◆ **SOURCE DATA**:
== Segment start ==
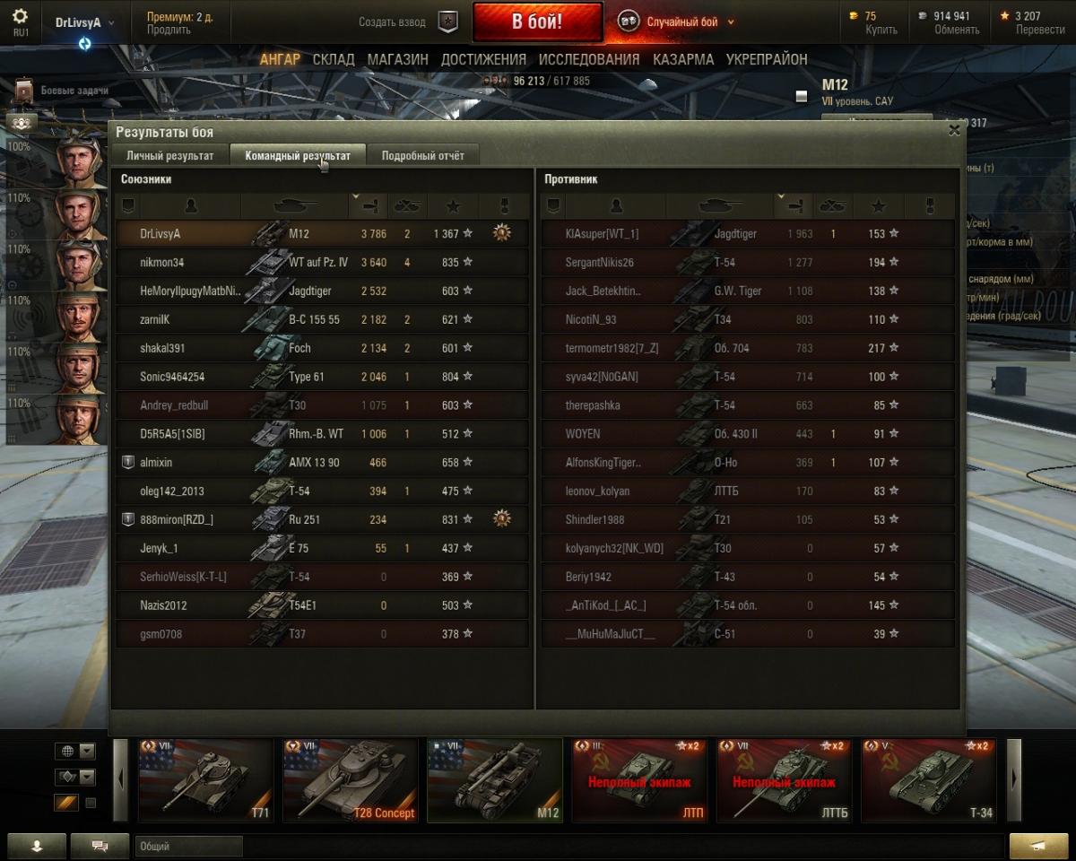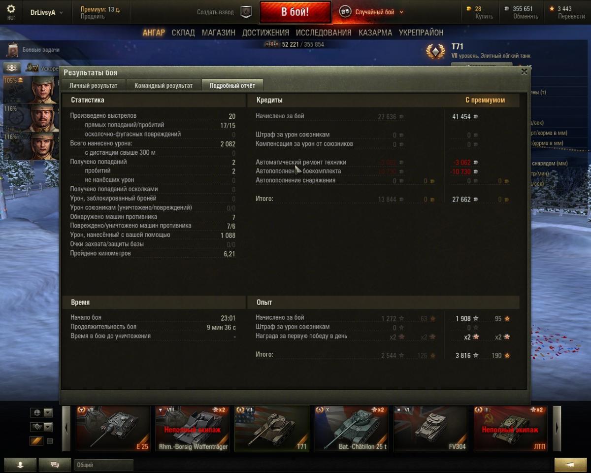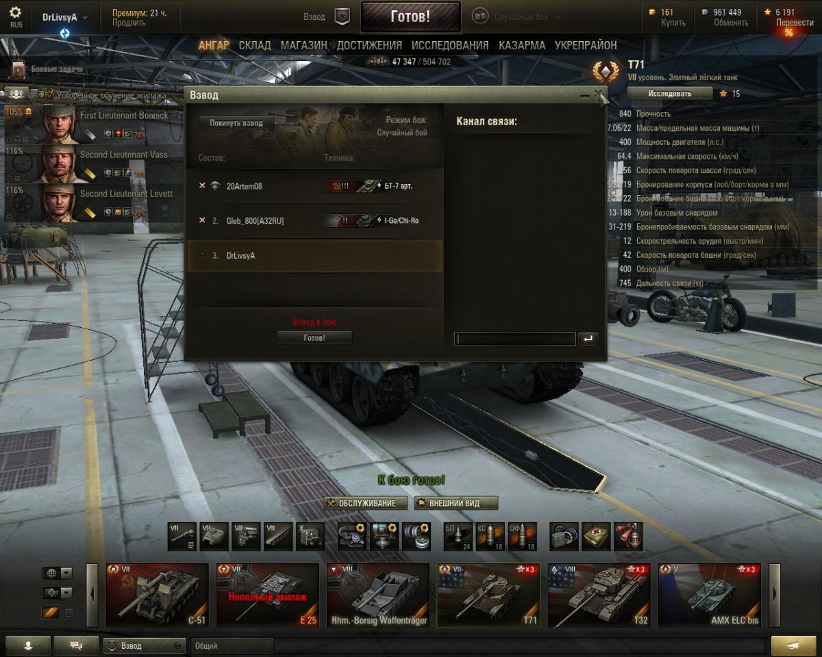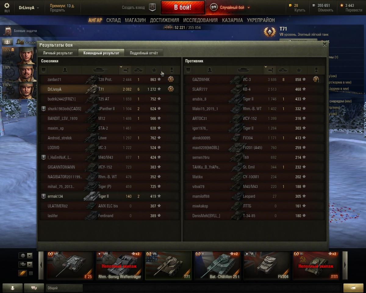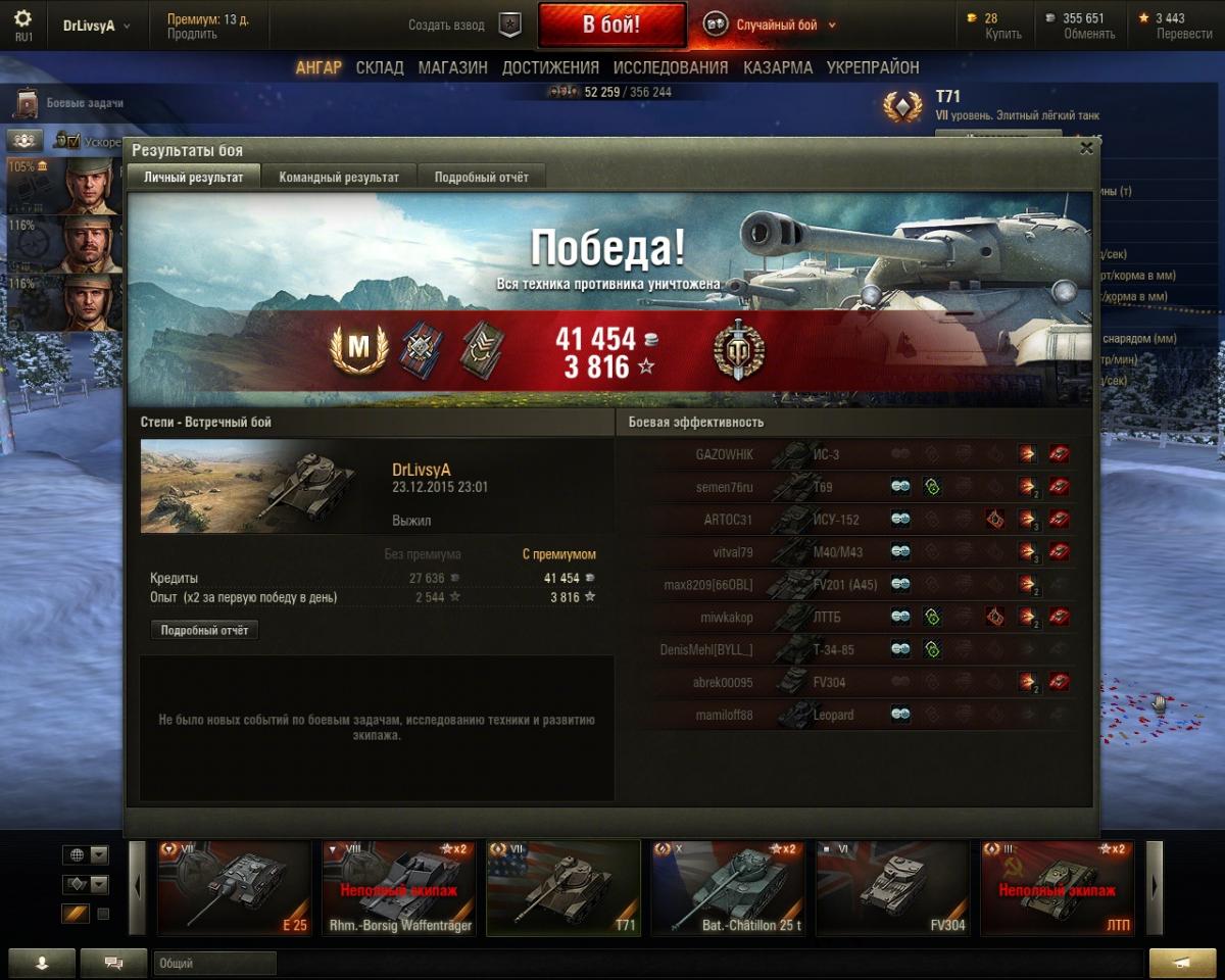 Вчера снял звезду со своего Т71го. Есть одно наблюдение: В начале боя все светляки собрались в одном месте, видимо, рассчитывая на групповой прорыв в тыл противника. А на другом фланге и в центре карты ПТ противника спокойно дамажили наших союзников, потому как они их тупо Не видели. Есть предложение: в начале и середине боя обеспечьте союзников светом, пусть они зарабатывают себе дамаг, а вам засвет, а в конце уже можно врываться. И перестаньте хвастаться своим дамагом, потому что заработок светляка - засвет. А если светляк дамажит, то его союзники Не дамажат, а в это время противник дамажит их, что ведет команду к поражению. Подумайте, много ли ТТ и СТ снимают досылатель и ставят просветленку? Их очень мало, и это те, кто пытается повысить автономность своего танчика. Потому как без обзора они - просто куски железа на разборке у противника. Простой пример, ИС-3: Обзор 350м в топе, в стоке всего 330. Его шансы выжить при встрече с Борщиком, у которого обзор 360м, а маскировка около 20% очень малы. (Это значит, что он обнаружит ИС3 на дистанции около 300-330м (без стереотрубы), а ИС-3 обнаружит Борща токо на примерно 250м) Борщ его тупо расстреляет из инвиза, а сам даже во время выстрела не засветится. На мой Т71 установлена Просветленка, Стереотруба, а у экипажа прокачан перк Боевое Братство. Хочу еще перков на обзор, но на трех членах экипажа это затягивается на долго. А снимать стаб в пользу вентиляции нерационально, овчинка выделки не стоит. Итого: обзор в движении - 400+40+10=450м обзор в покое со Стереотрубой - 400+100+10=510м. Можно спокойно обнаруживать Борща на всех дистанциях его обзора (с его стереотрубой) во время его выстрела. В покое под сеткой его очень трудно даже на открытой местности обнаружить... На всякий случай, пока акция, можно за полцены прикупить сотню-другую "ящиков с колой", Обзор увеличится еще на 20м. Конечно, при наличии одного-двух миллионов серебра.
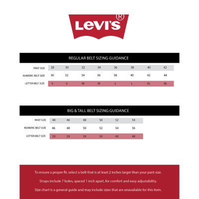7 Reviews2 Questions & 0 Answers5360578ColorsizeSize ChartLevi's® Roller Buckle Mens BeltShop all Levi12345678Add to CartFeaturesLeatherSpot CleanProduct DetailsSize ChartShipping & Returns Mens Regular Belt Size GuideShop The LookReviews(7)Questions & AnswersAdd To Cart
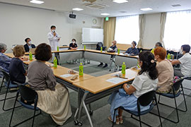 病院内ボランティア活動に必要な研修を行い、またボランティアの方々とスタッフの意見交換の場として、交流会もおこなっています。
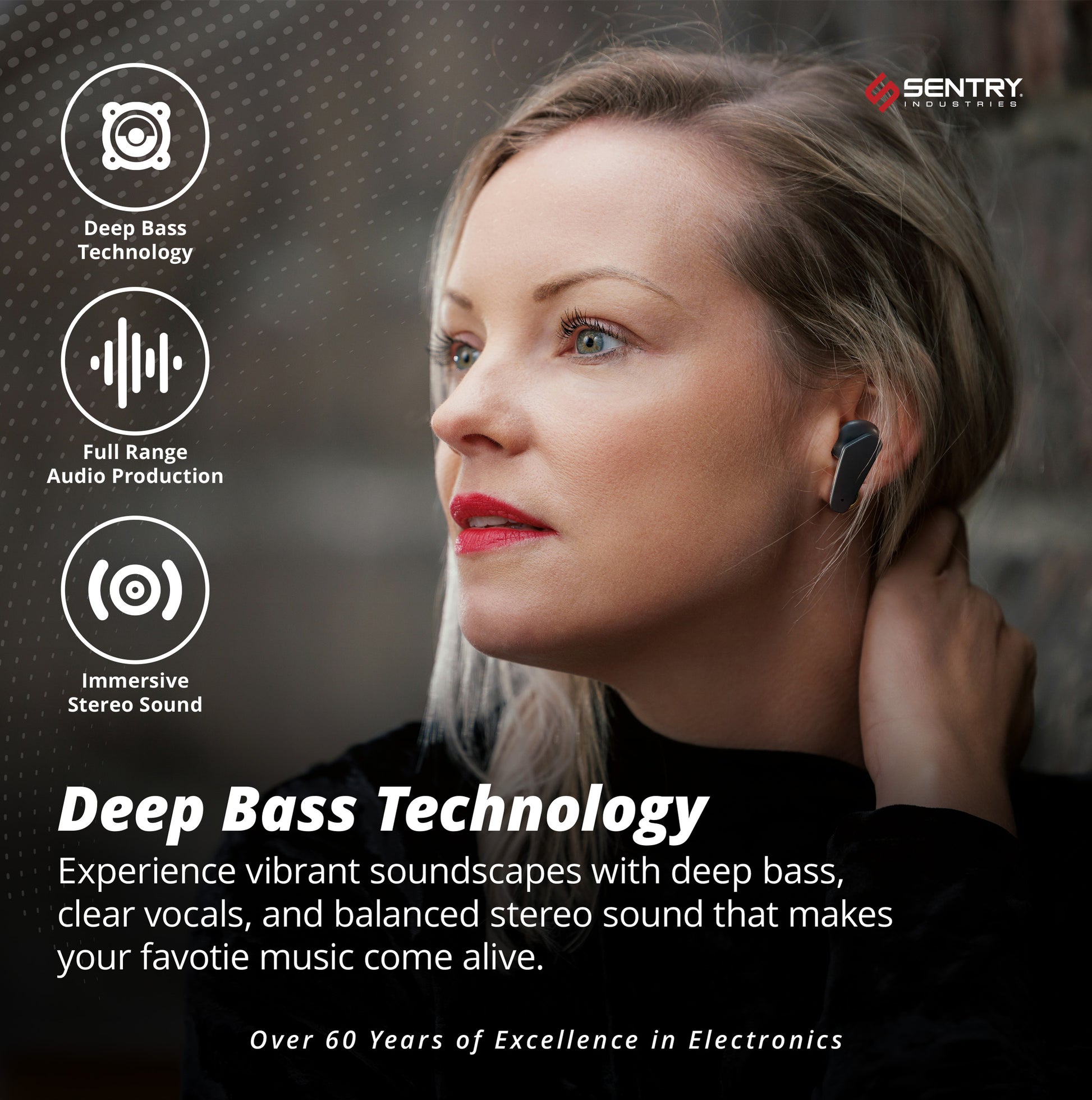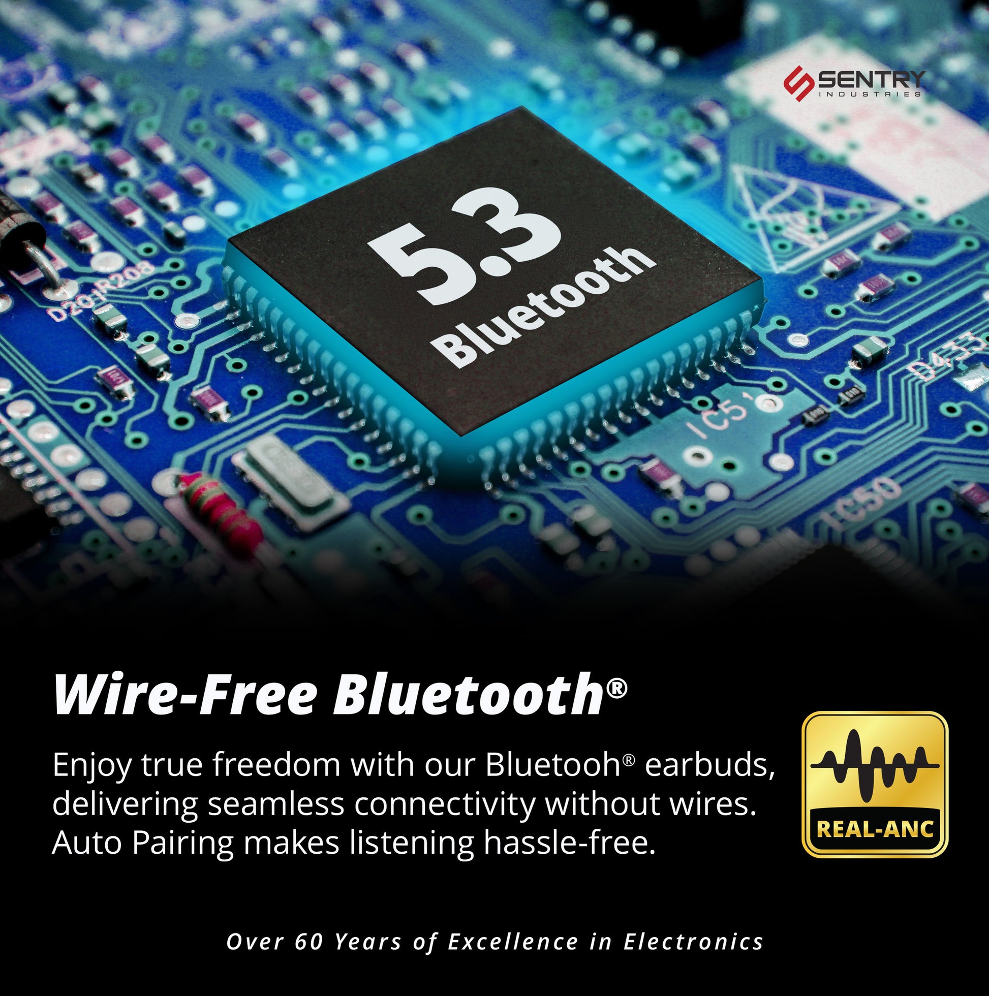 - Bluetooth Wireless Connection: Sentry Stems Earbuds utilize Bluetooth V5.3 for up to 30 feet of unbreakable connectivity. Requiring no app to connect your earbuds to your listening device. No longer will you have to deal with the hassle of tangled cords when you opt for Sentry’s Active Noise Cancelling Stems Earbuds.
== Segment end ==
◆ **REQUIREMENT**: From the first line to the last, retype the data above exactly, but not its images.

◆ **ANSWER SPACE**:
 Вчера снял звезду со своего Т71го. Есть одно наблюдение: В начале боя все светляки собрались в одном месте, видимо, рассчитывая на групповой прорыв в тыл противника. А на другом фланге и в центре карты ПТ противника спокойно дамажили наших союзников, потому как они их тупо Не видели. Есть предложение: в начале и середине боя обеспечьте союзников светом, пусть они зарабатывают себе дамаг, а вам засвет, а в конце уже можно врываться. И перестаньте хвастаться своим дамагом, потому что заработок светляка - засвет. А если светляк дамажит, то его союзники Не дамажат, а в это время противник дамажит их, что ведет команду к поражению. Подумайте, много ли ТТ и СТ снимают досылатель и ставят просветленку? Их очень мало, и это те, кто пытается повысить автономность своего танчика. Потому как без обзора они - просто куски железа на разборке у противника. Простой пример, ИС-3: Обзор 350м в топе, в стоке всего 330. Его шансы выжить при встрече с Борщиком, у которого обзор 360м, а маскировка около 20% очень малы. (Это значит, что он обнаружит ИС3 на дистанции около 300-330м (без стереотрубы), а ИС-3 обнаружит Борща токо на примерно 250м) Борщ его тупо расстреляет из инвиза, а сам даже во время выстрела не засветится. На мой Т71 установлена Просветленка, Стереотруба, а у экипажа прокачан перк Боевое Братство. Хочу еще перков на обзор, но на трех членах экипажа это затягивается на долго. А снимать стаб в пользу вентиляции нерационально, овчинка выделки не стоит. Итого: обзор в движении - 400+40+10=450м обзор в покое со Стереотрубой - 400+100+10=510м. Можно спокойно обнаруживать Борща на всех дистанциях его обзора (с его стереотрубой) во время его выстрела. В покое под сеткой его очень трудно даже на открытой местности обнаружить... На всякий случай, пока акция, можно за полцены прикупить сотню-другую "ящиков с колой", Обзор увеличится еще на 20м. Конечно, при наличии одного-двух миллионов серебра.
7 Reviews2 Questions & 0 Answers5360578ColorsizeSize ChartLevi's® Roller Buckle Mens BeltShop all Levi12345678Add to CartFeaturesLeatherSpot CleanProduct DetailsSize ChartShipping & Returns Mens Regular Belt Size GuideShop The LookReviews(7)Questions & AnswersAdd To Cart
 病院内ボランティア活動に必要な研修を行い、またボランティアの方々とスタッフの意見交換の場として、交流会もおこなっています。
 - Bluetooth Wireless Connection: Sentry Stems Earbuds utilize Bluetooth V5.3 for up to 30 feet of unbreakable connectivity. Requiring no app to connect your earbuds to your listening device. No longer will you have to deal with the hassle of tangled cords when you opt for Sentry’s Active Noise Cancelling Stems Earbuds.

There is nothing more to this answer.